Senator Rand Paul and Dr. Anthony Fauci have been at war in recent months over the argument that the United States funded “gain-of-function” research at the Wuhan Institute of Virology. Fauci continues to deny his beloved National Institutes of Health would have funded something so dangerous.
Fauci, the head of the National Institute of Allergy and Infectious Diseases (NIAID), told a House Appropriations subcommittee that the money was funneled to the Chinese lab through the non-profit EcoHealth Alliance to fund “a modest collaboration with very respectable Chinese scientists who were world experts on coronavirus.”
But Fauci emphatically denied that the money went toward so-called “gain of function” research, which he described as “taking a virus that could infect humans and making it either more transmissible and/or pathogenic for humans.”
“That categorically was not done,” he insisted.
Oh, really? NIH Director Dr. Francis Collins told Rep. Andy Harris that researchers at Wuhan “were not approved by NIH for doing ‘gain-of-function research.'” Not approved? Does Fauci or any other man of science believe that the Chinese Communists didn’t take that money and spend it on anything they wanted to at the lab?
Fauci, as usual, is playing the politician more than the scientist.
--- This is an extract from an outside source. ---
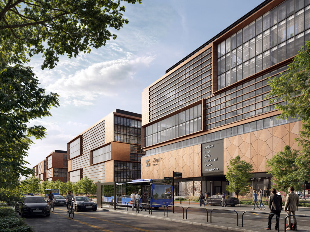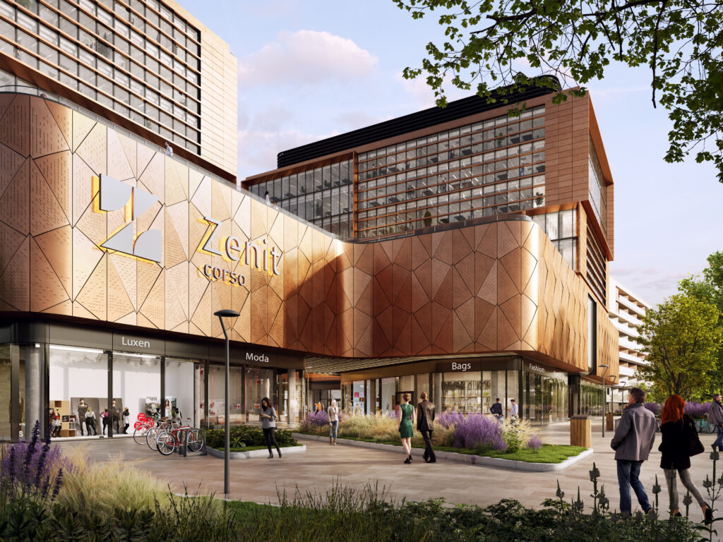 The Zenit Corso is a newly developed, energy-efficient commercial center around which a new city district is – named Zenit by Bayer – forming. The area is highly frequented but under-served in terms of service availability. The new shopping center provides a solution to this issue for customers.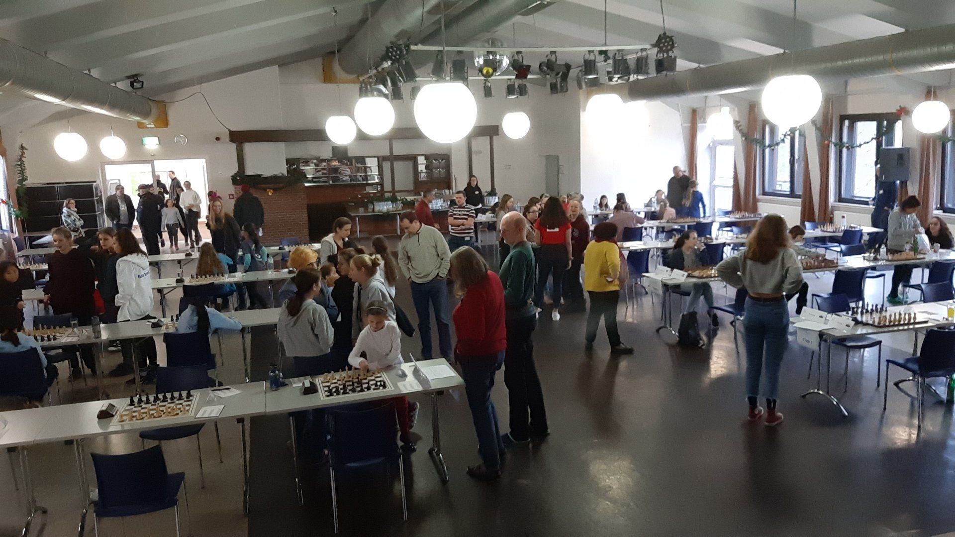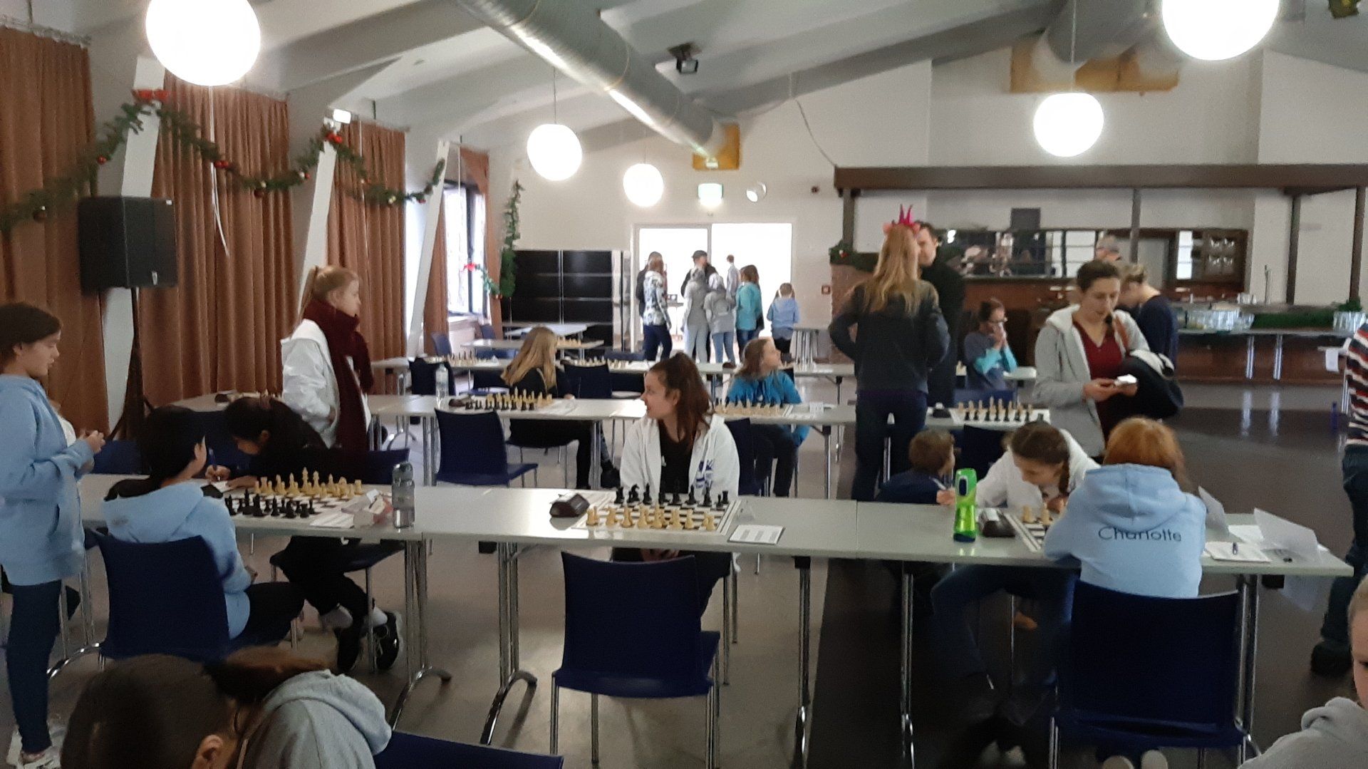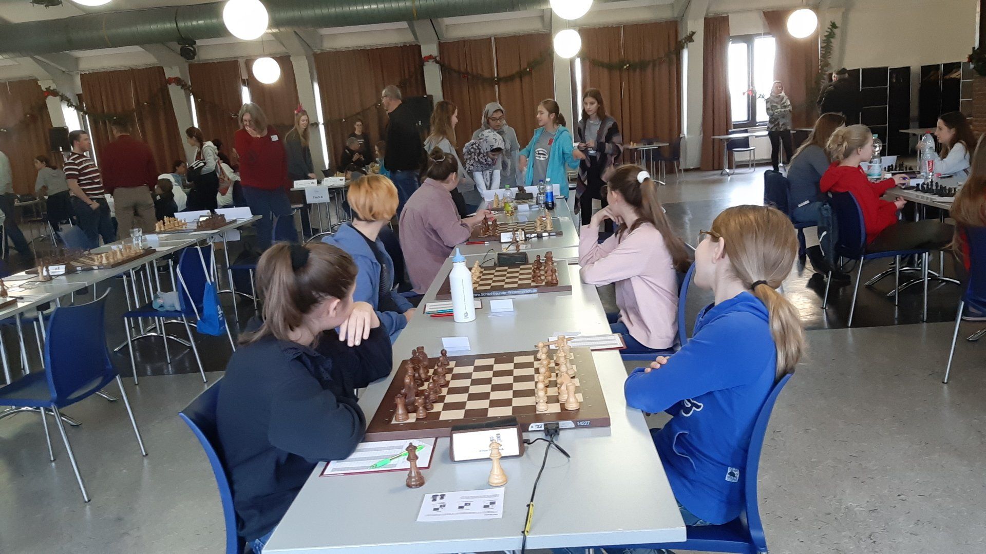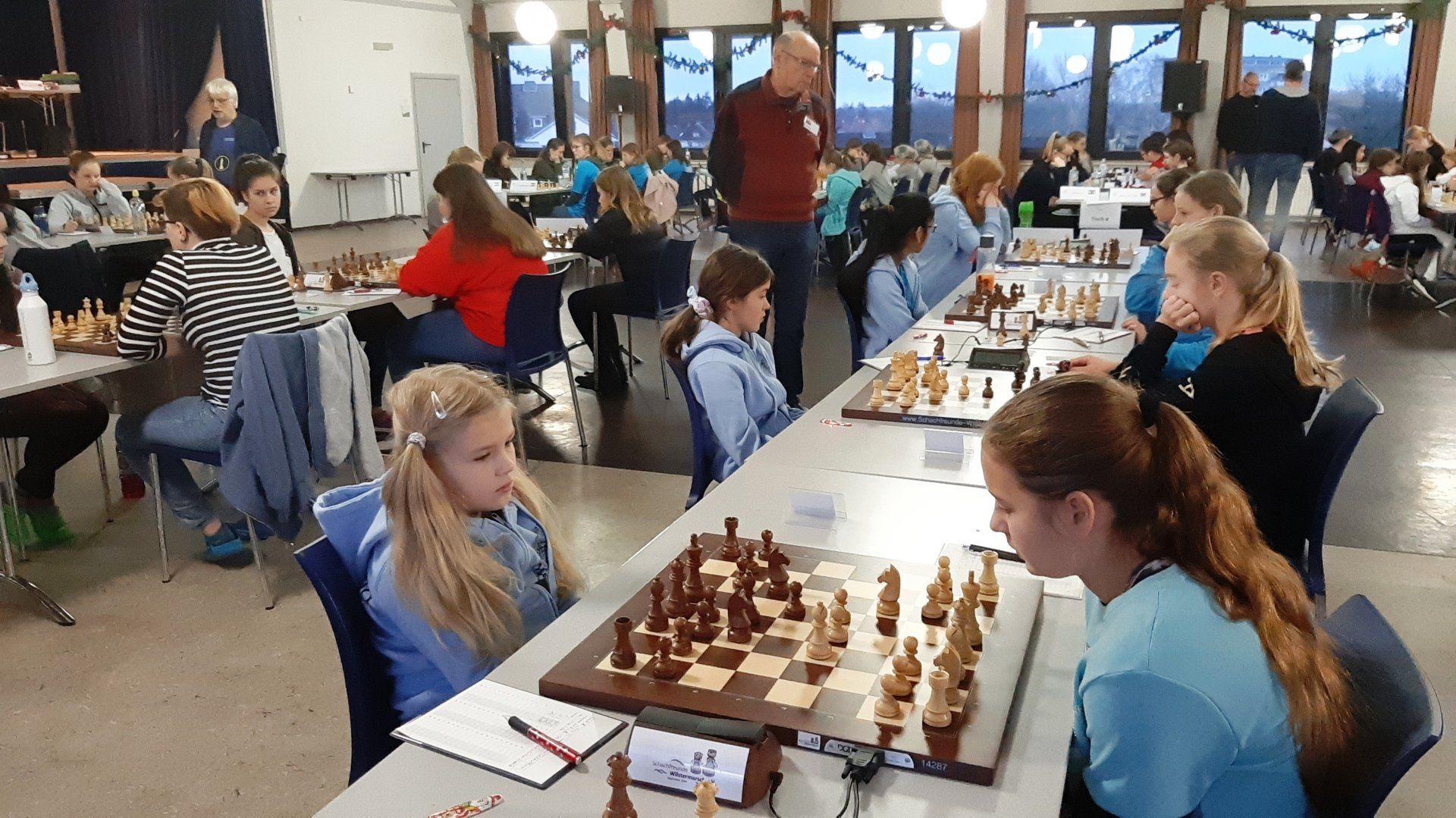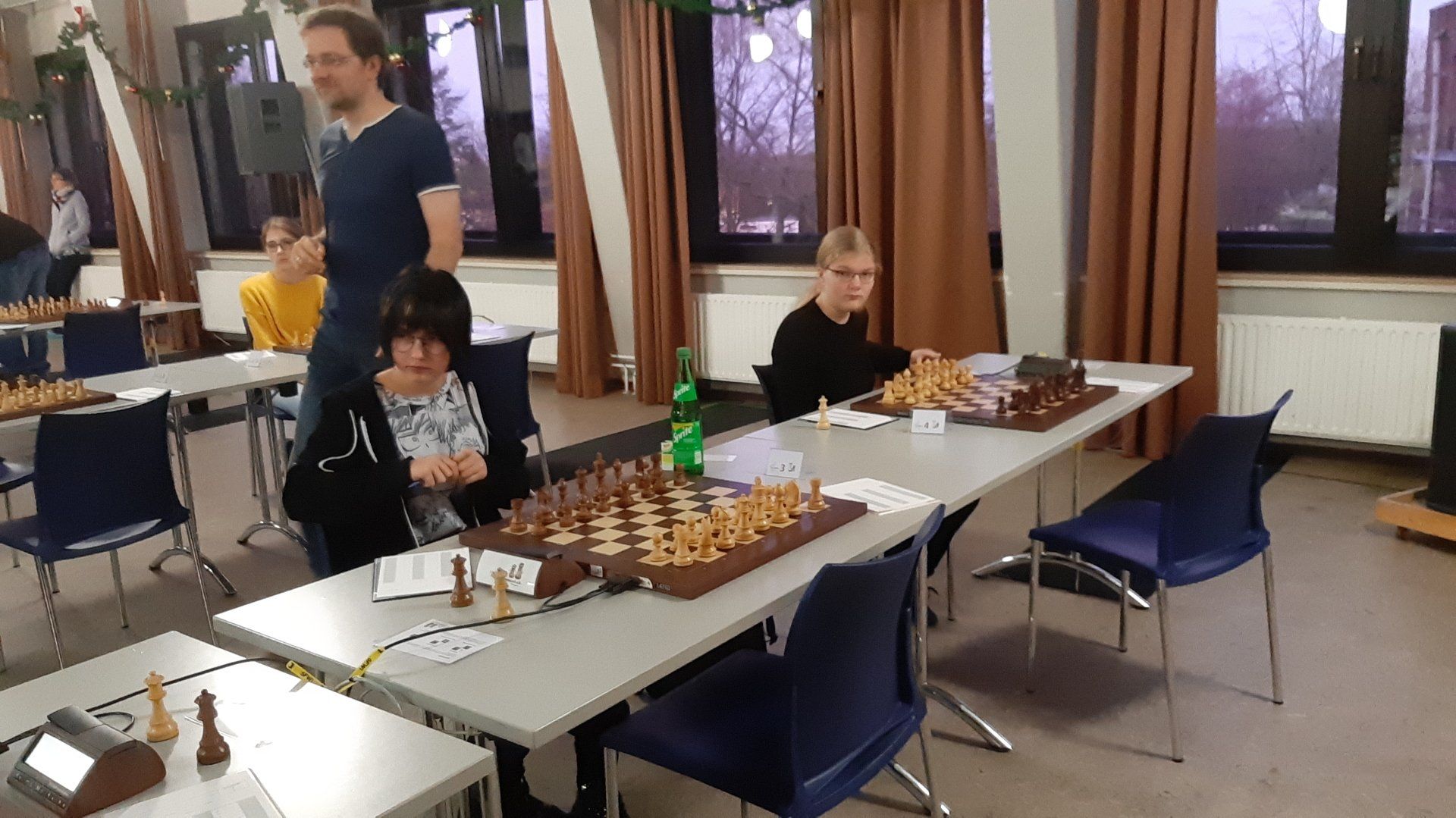 Pünktlich um 8.30 Uhr konnten Eberhard und dann Swenja die DVM der Mädchen U 14 eröffnen. Die 1. Runde ist dabei eher ein einsortieren,da die obere Hälfte gegen die untere Hälfte spielt.

And he’s awful at both of them.
The Chinese army carried out secret projects at the Wuhan lab using lab personnel. Those employees were paid with U.S. tax dollars. That’s why Senator Paul wrote the amendments that not only banned U.S. funding of the Wuhan lab, but also any taxpayer support for gain-of-function research in China.
“We don’t know whether the pandemic started in a lab in Wuhan or evolved naturally,” said Dr. Paul. “While many still deny funding gain-of-function research in Wuhan, experts believe otherwise. The passage of my amendment ensures that this never happens in the future. No taxpayer money should have ever been used to fund gain-of-function research in Wuhan, and now we permanently have put it to a stop.”
Senate Amendment 2003 bans the National Institutes of Health and any other U.S. agency from funding any gain-of-function research in China.
The amendment defines gain-of-function research as “any research project that may be reasonably anticipated to confer attributes to influenza, MERS, or SARS viruses such that the virus would have enhanced pathogenicity or transmissibility in mammals.” This is the same definition the NIH used when implementing a funding moratorium on gain-of-function research in 2014-2017.
Given what we know about the sloppiness and carelessness of lab personnel in Wuhan, a leak of a naturally occurring virus was always a distinct possibility. The Chinese government’s subsequent actions strengthen that belief. They may not have any better idea of the origin of the coronavirus than anyone else. But it’s clear that they feared it was a leak from the start. They covered up the three serious illnesses among lab workers from November 2019, destroyed medical records, denied the WHO team full access to the lab and its records, and continue to this day to obstruct investigations into the origins of the virus.
China may be the most guilty-looking innocent party in history. Or they may know a lot more than they’re letting on.